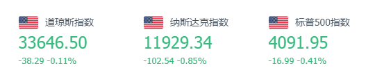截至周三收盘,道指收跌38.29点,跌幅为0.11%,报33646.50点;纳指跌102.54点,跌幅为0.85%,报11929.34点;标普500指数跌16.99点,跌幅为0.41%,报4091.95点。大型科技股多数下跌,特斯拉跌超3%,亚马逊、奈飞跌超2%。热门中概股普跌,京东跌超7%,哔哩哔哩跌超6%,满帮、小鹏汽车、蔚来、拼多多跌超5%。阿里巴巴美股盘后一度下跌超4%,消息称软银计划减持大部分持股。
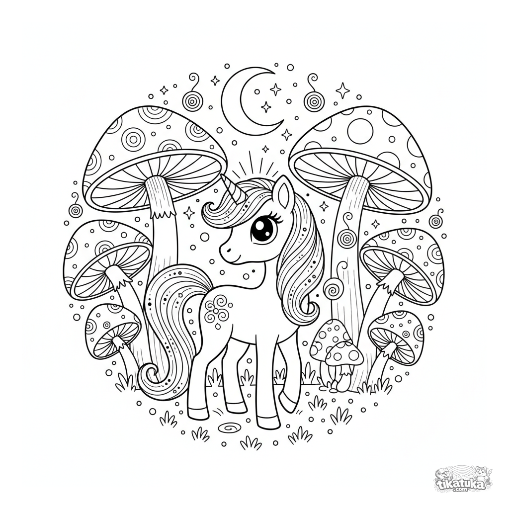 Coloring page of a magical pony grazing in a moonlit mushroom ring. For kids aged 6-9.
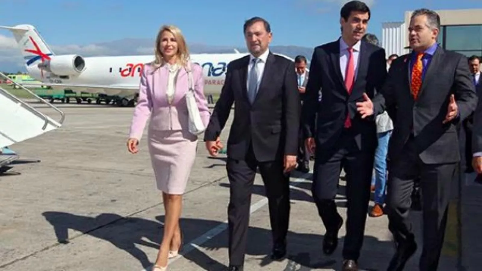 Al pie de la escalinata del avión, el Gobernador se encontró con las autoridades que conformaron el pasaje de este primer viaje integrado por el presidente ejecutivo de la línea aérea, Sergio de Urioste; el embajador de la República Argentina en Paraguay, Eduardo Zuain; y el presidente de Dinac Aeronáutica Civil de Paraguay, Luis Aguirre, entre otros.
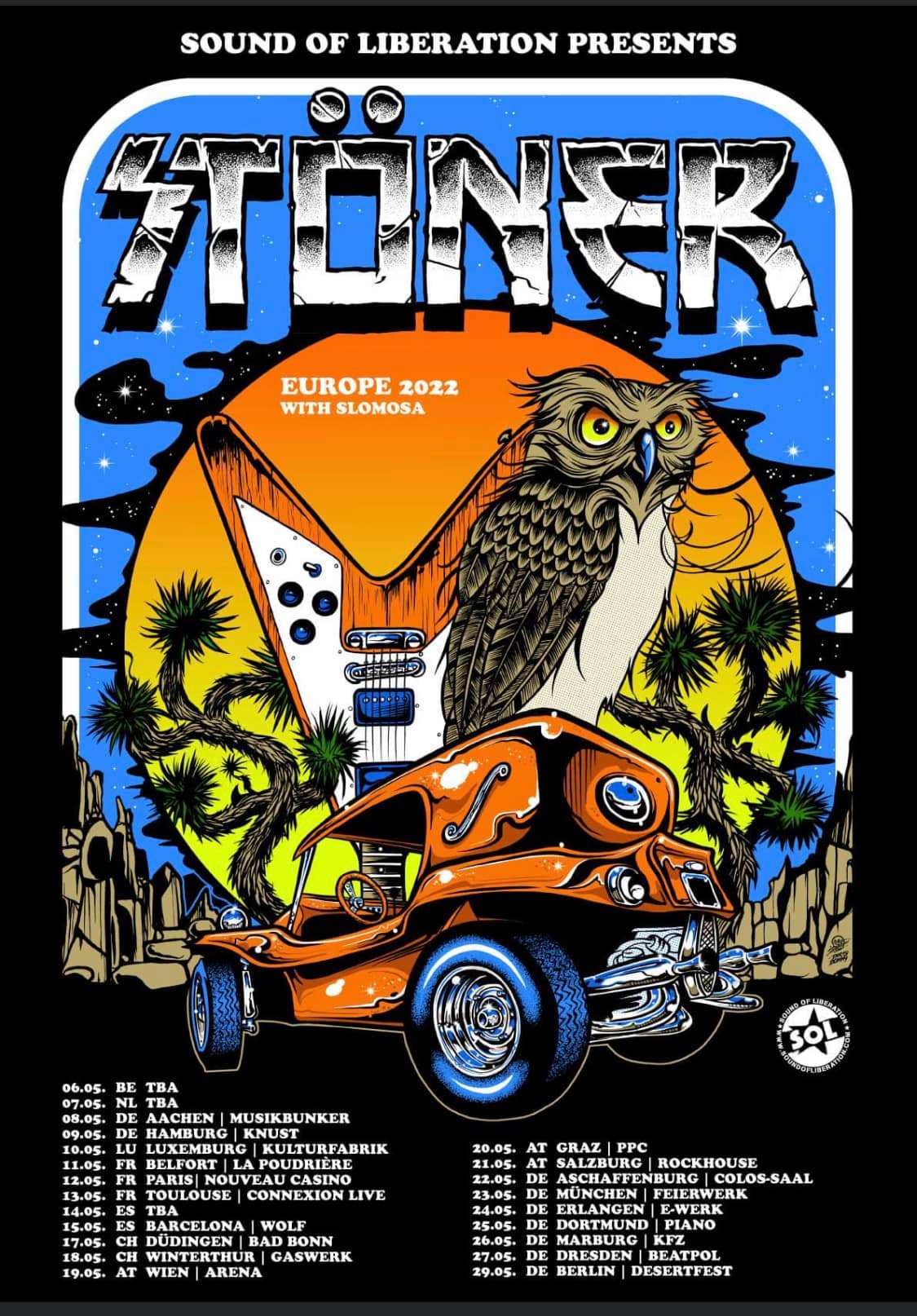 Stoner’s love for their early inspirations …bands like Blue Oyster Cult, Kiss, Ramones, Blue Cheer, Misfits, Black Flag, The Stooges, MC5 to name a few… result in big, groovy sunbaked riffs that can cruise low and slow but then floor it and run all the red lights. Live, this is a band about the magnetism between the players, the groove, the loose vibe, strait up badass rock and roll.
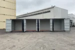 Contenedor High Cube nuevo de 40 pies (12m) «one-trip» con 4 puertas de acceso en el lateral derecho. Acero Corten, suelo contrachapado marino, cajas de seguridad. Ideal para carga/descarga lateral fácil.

------------------------------------------------------------

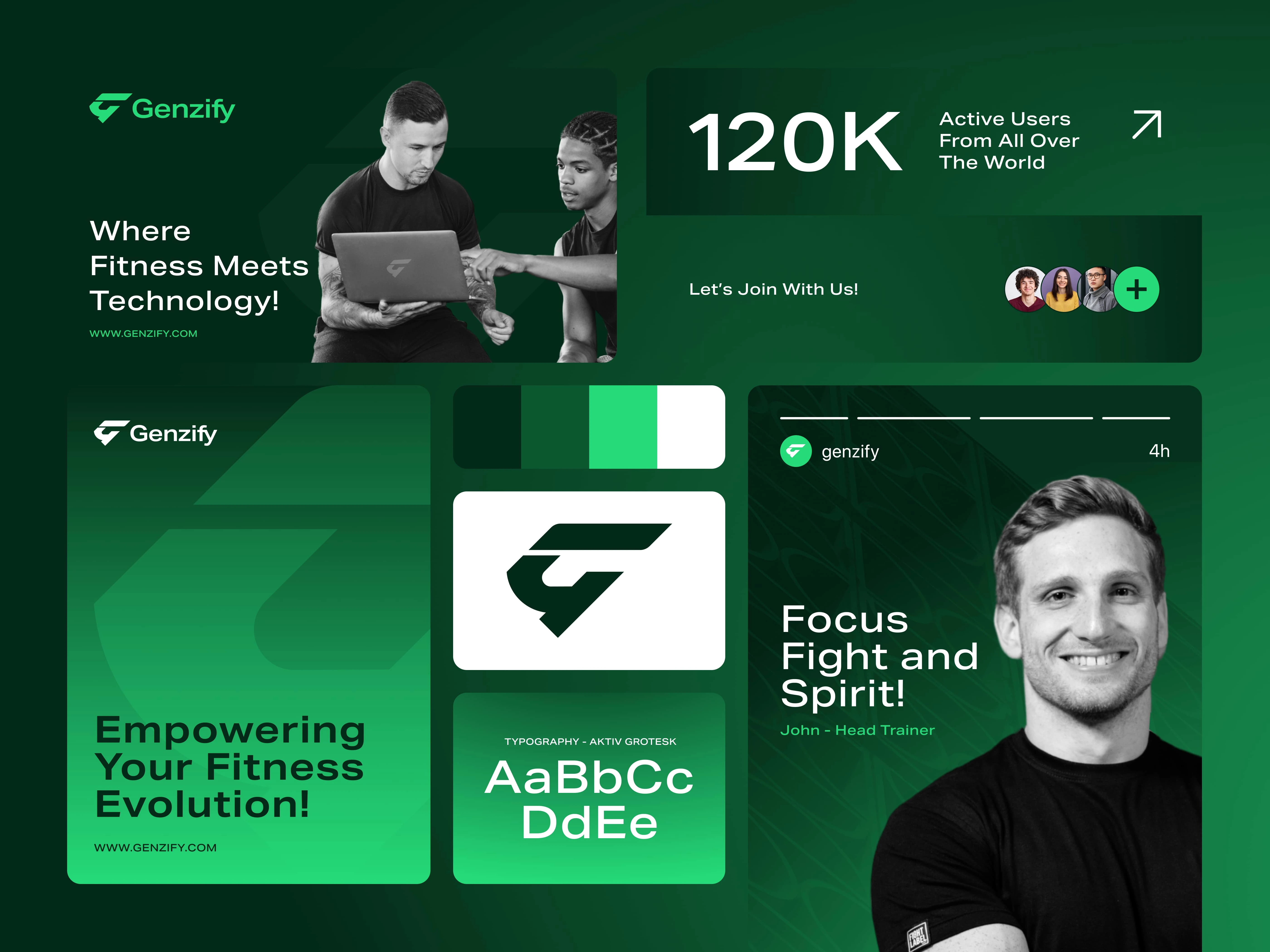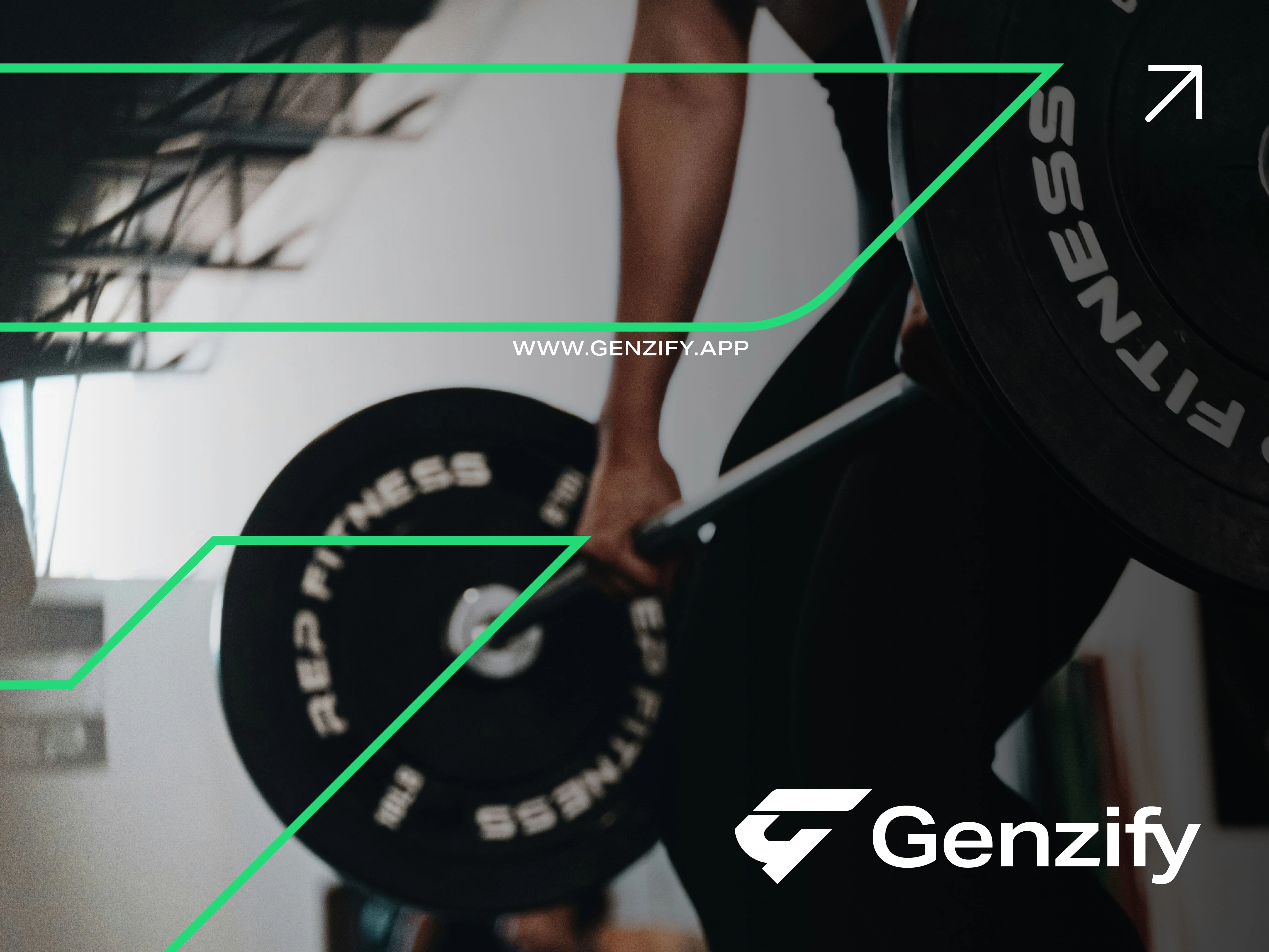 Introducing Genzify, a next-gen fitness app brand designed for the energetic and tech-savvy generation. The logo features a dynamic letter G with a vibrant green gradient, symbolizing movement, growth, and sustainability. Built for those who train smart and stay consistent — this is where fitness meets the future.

------------------------------------------------------------

-- What to work on --
Within the listing above, the stretch from the line with "截至周三收盘,道指收跌38." down to the line with "Contenedor High Cube" is to be given again exactly, end lines included and pictures excluded.

-- Solution to the problem --
截至周三收盘,道指收跌38.29点,跌幅为0.11%,报33646.50点;纳指跌102.54点,跌幅为0.85%,报11929.34点;标普500指数跌16.99点,跌幅为0.41%,报4091.95点。大型科技股多数下跌,特斯拉跌超3%,亚马逊、奈飞跌超2%。热门中概股普跌,京东跌超7%,哔哩哔哩跌超6%,满帮、小鹏汽车、蔚来、拼多多跌超5%。阿里巴巴美股盘后一度下跌超4%,消息称软银计划减持大部分持股。
 Coloring page of a magical pony grazing in a moonlit mushroom ring. For kids aged 6-9.
 Al pie de la escalinata del avión, el Gobernador se encontró con las autoridades que conformaron el pasaje de este primer viaje integrado por el presidente ejecutivo de la línea aérea, Sergio de Urioste; el embajador de la República Argentina en Paraguay, Eduardo Zuain; y el presidente de Dinac Aeronáutica Civil de Paraguay, Luis Aguirre, entre otros.
 Stoner’s love for their early inspirations …bands like Blue Oyster Cult, Kiss, Ramones, Blue Cheer, Misfits, Black Flag, The Stooges, MC5 to name a few… result in big, groovy sunbaked riffs that can cruise low and slow but then floor it and run all the red lights. Live, this is a band about the magnetism between the players, the groove, the loose vibe, strait up badass rock and roll.
 Contenedor High Cube nuevo de 40 pies (12m) «one-trip» con 4 puertas de acceso en el lateral derecho. Acero Corten, suelo contrachapado marino, cajas de seguridad. Ideal para carga/descarga lateral fácil.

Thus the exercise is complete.